保元・平治の乱のように、鹿ケ谷事件の描き方も丁寧だ。

発端になったのは、治承元年(1177)四月に起きた、

加賀国白山社末寺、鵜川寺での国司(西光の子、師高)と、

寺側との乱闘事件である。

平家物語(百二十句本)の当該箇所を読み直してみた。

…(故信西入道には、師光、成景という者が仕えていた。

  もとより、氏素性の卑しい者たちだったが、

  気が利くので取り立てられた。信西の死後は出家して、

  西光、西景と名乗り、後白河院の財政責任者になっている)

…その西光の子が師高である。これも相当な切れ者で、

 検非違使尉まで昇進し、加賀守になったが、任期中は、

 強引に同国内の寺社、権門勢家の荘園を没収して廻って、

 散々な有様であった。弟の師経が目代として、赴任すると、

 国府近くの鵜川という山寺で、寺僧たちが入浴していたところへ、

 押し入り、自分は入浴し、下人たちに馬の湯浴みなどさせた。

 寺僧たちは怒って「昔から、当寺に国府の役人が入ることは、

 禁じられている。

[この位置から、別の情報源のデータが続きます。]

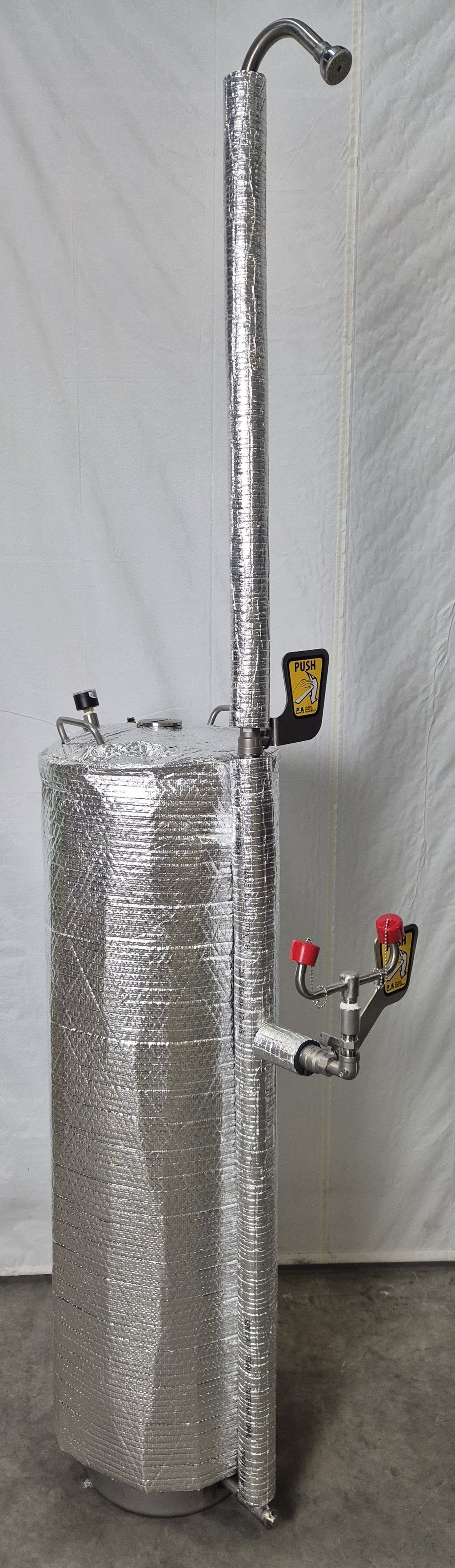 This is not a Safety Shower as it does not provide 76LPM of water to spray the body for 15 minutes. The Shower head/body wash/drench hose is referred to as supplementary equipment to be used in a first response emergency treatment at the site.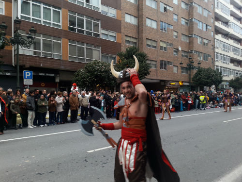 Junto a ellos decenas de miles de personas en las aceras de García Barbón, Policarpo Sanz y la Porta do Sol, con disfraces de todo tipo, desde agente secreto…o no tanto, hasta algo que parece que nunca será Urdangarín: preso, esperaban a las comparsas que han arrancado del Nudo de Isaac Peral con algo de retraso.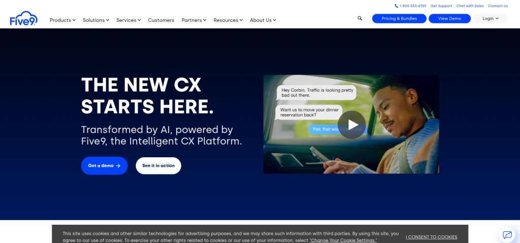 Five9 combines AI with cloud technology to create an efficient contact center solution. Its AI capabilities enhance customer interaction through features like predictive dialing and intelligent routing.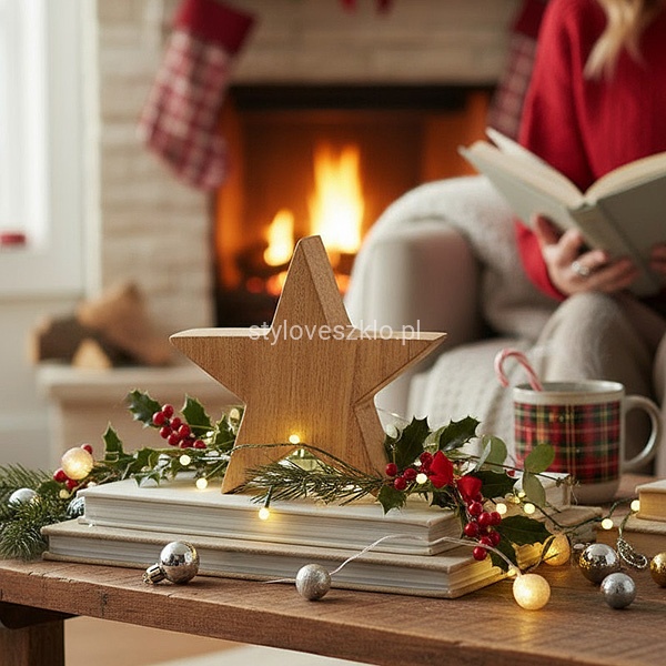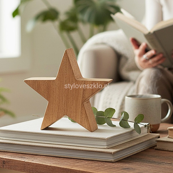 Gwiazdka drewniana może uzupełniać większą aranżację świąteczną, szczególnie jeśli tak samo jak ona reprezentuje styl skandynawski, minimalistyczny lub rustykalny. Znakomicie pasuje również do dużych stroików i przestrzennych świeczników. Można ją umieścić wśród gałązek świerkowych, bombek i innych świątecznych elementów dekoracyjnych. Wysokość 10 cm, grubość 4 cm.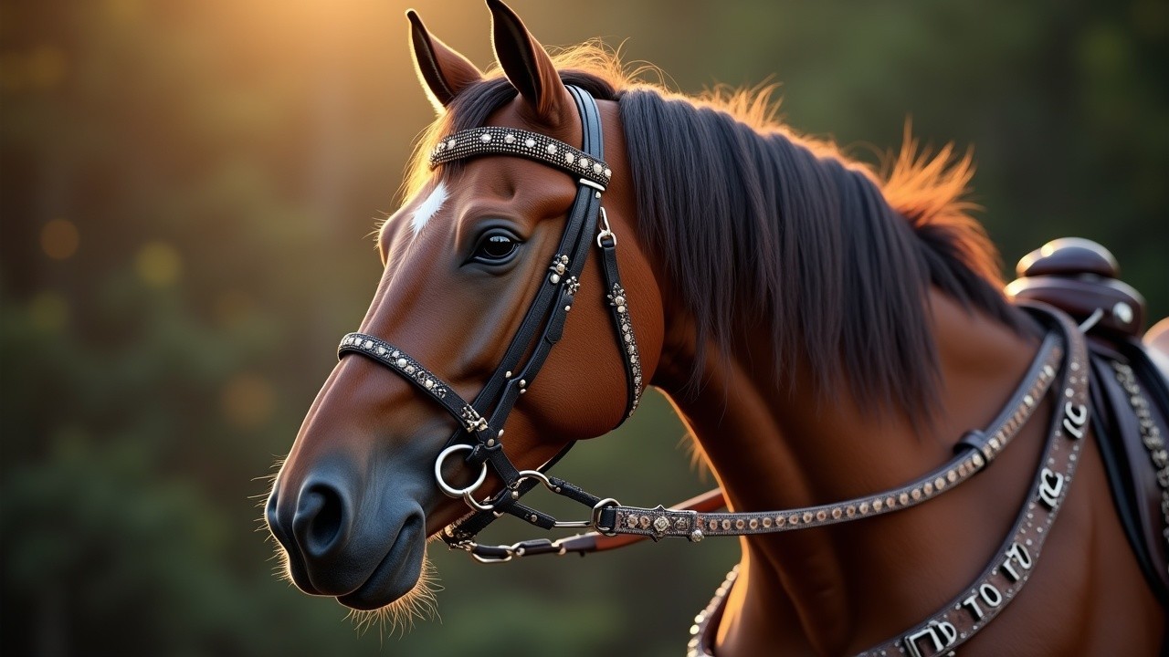 A stunning photorealistic image of a majestic horse adorned with a sparkling, bejeweled bridle. The high dynamic range captures intricate details and vibrant colors, showcasing the horse's elegance.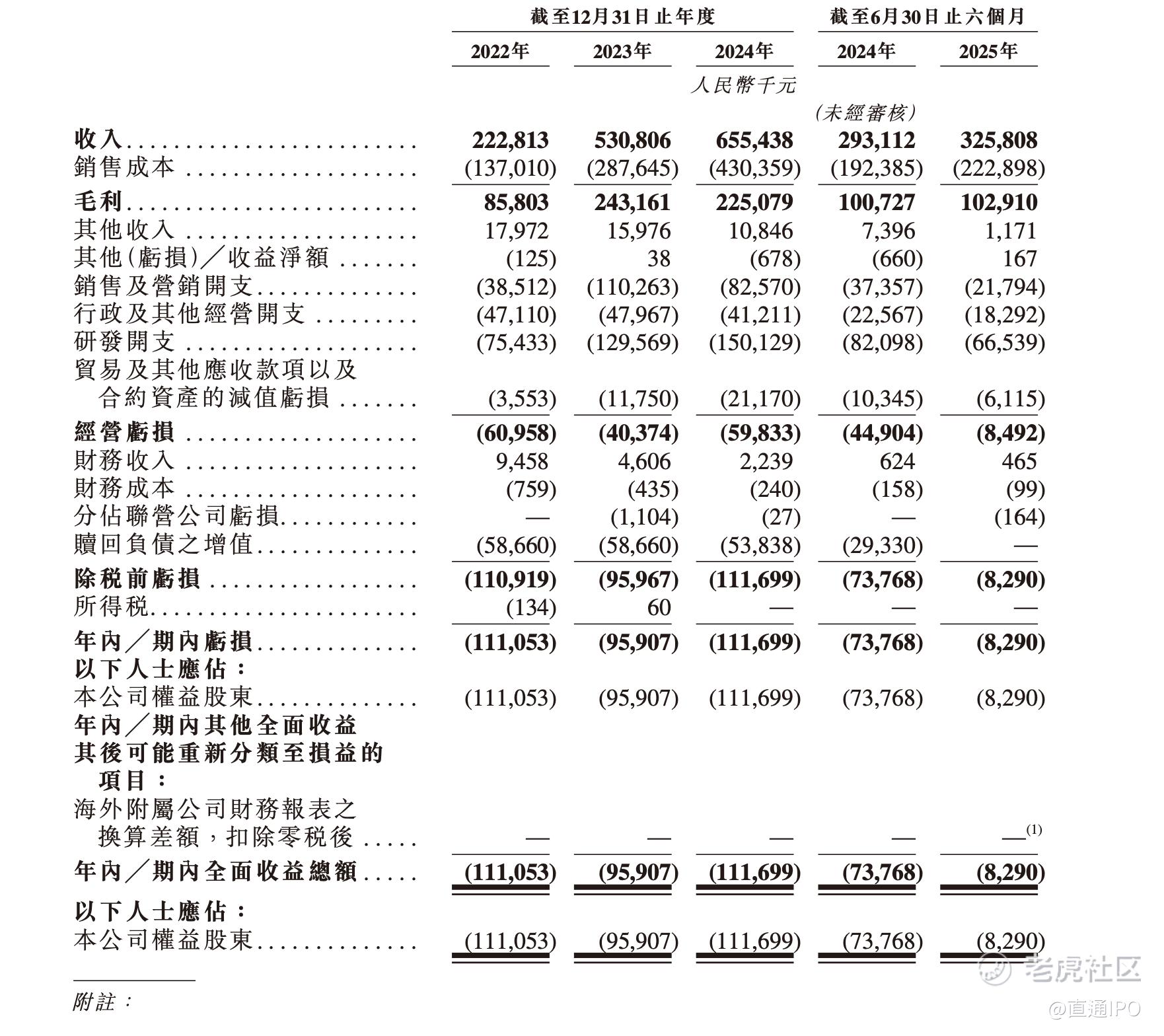 2022-2024年及今年上半年(下称:报告期),硅基智能的收入分别约2.23亿、5.31亿、6.55亿、3.26亿元;毛利分别约8580.3万、2.43亿、2.25亿、1.03亿元,毛利率分别为38.5%、45.8%、34.3%、31.6%;净亏损分别约1.11亿、9590.7万、1.12亿、829.0万元。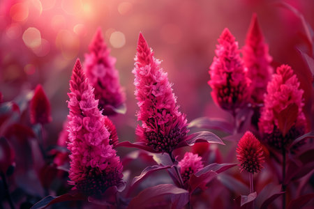 Vibrant pink celosia flowers bask in the ethereal glow of a sunset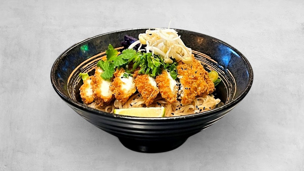 Mjuka risnudlar med grillad kyckling teriyaki i vår hemmagjorda sås, rostad vitlök, krossade jordnötter, koriander, salladslök, grönsaker, böngroddar och sesamfrön.

先例に則って、すぐに狼藉を止めさせよ」と叫ぶ。

 師経も、「先々代の目代は弱腰だったから、馬鹿にされたのだ。

 当目代はそうではないぞ」と応酬、殴り合いが始まって、

 師経が大事にしていた馬の足を折られてしまう。

 それからは、武器を取って戦う事態になった。

 師経は敵わないと思ったのか、退いて、国府の軍兵数千を召集、

 鵜川寺に攻め寄せ、僧房を一宇残らず焼き払ってしまった…

 (巻第一・第八句 成親大将謀反 師経狼藉より)

ドラマでは、後白河院近臣の西光親子を陥れるため、

清盛が仕組んだことになってるけれど、直ぐ後の、

鹿ケ谷の謀議、自体のほうが怪しいのは、既述の通りだ。